DATASET EXCERPT:
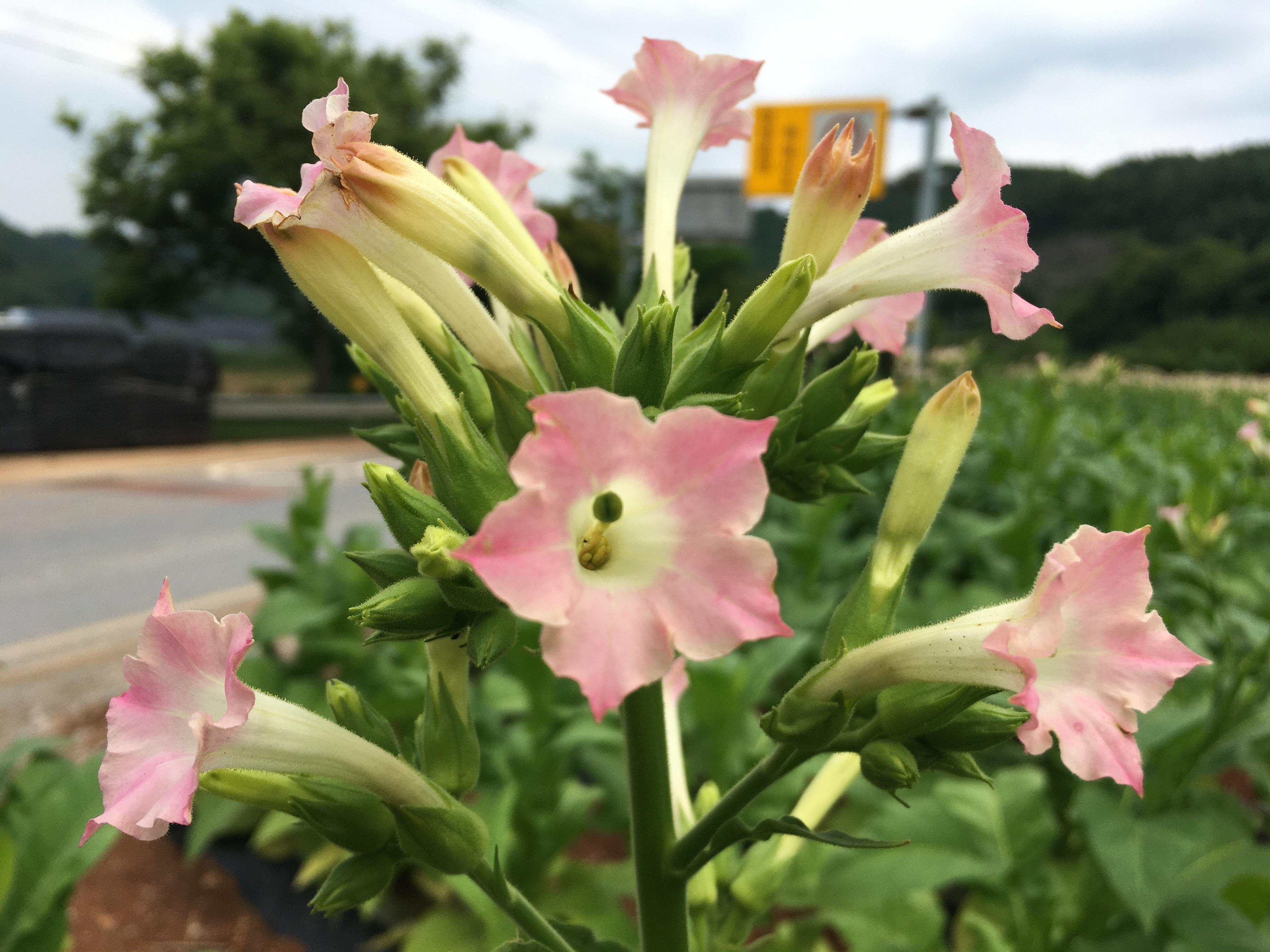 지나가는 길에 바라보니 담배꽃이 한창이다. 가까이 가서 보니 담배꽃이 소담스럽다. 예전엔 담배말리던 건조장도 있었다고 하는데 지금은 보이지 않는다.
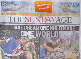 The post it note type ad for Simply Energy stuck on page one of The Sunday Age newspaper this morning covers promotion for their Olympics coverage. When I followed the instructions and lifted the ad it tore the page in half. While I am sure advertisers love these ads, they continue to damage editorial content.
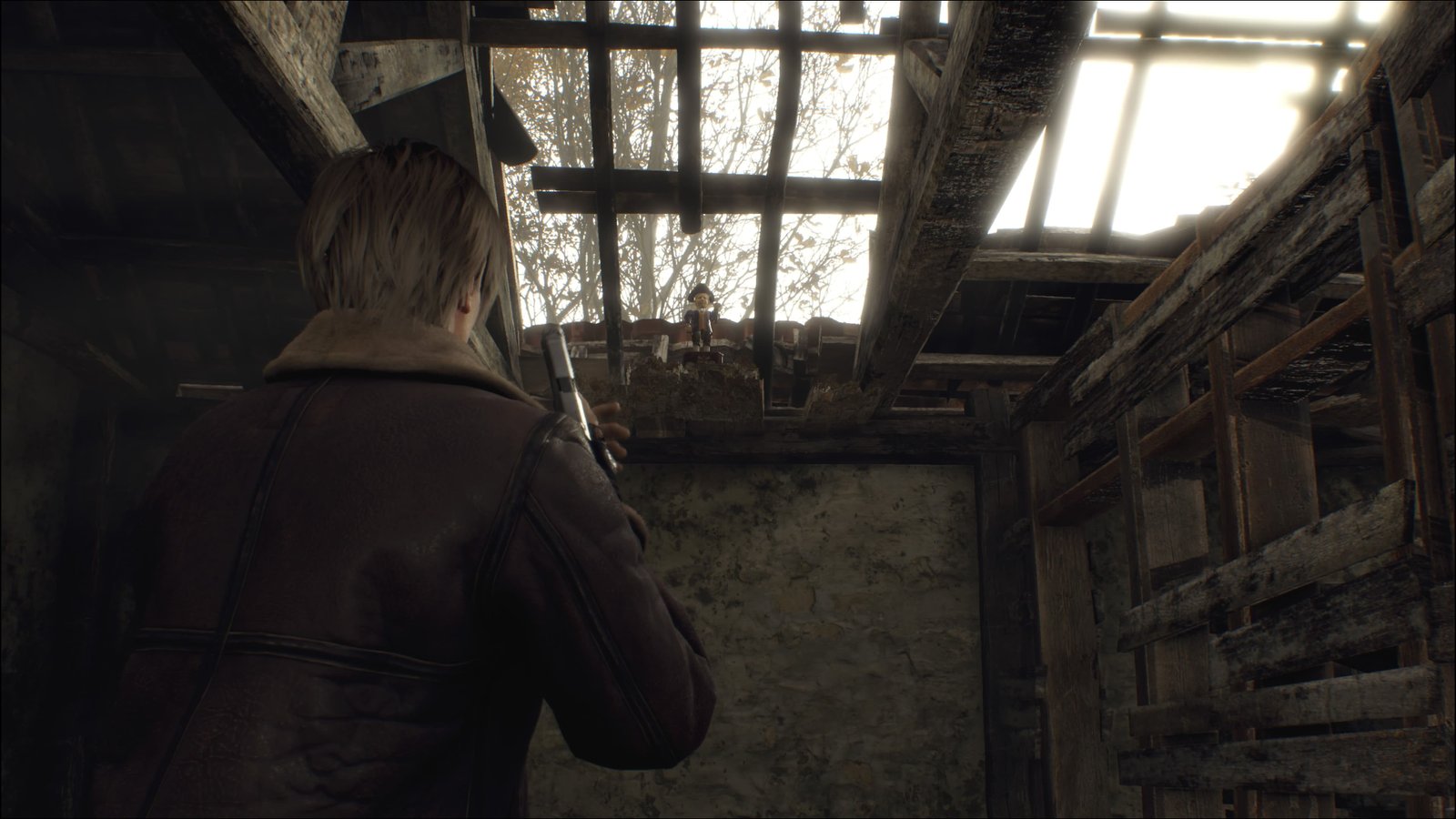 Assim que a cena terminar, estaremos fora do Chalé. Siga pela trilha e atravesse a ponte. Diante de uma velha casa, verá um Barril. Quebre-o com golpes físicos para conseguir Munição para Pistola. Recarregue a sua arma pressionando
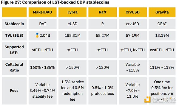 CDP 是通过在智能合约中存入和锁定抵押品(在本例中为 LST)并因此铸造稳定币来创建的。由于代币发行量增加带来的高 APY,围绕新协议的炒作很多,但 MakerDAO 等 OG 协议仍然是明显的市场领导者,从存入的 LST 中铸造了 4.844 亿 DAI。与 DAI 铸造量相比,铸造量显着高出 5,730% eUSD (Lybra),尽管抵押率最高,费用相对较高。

ACTIVITY:
Return the material above verbatim. Pictures are to be excluded.

OUTPUT OF THE TASK:
 지나가는 길에 바라보니 담배꽃이 한창이다. 가까이 가서 보니 담배꽃이 소담스럽다. 예전엔 담배말리던 건조장도 있었다고 하는데 지금은 보이지 않는다.
 The post it note type ad for Simply Energy stuck on page one of The Sunday Age newspaper this morning covers promotion for their Olympics coverage. When I followed the instructions and lifted the ad it tore the page in half. While I am sure advertisers love these ads, they continue to damage editorial content.
 Assim que a cena terminar, estaremos fora do Chalé. Siga pela trilha e atravesse a ponte. Diante de uma velha casa, verá um Barril. Quebre-o com golpes físicos para conseguir Munição para Pistola. Recarregue a sua arma pressionando
 CDP 是通过在智能合约中存入和锁定抵押品(在本例中为 LST)并因此铸造稳定币来创建的。由于代币发行量增加带来的高 APY,围绕新协议的炒作很多,但 MakerDAO 等 OG 协议仍然是明显的市场领导者,从存入的 LST 中铸造了 4.844 亿 DAI。与 DAI 铸造量相比,铸造量显着高出 5,730% eUSD (Lybra),尽管抵押率最高,费用相对较高。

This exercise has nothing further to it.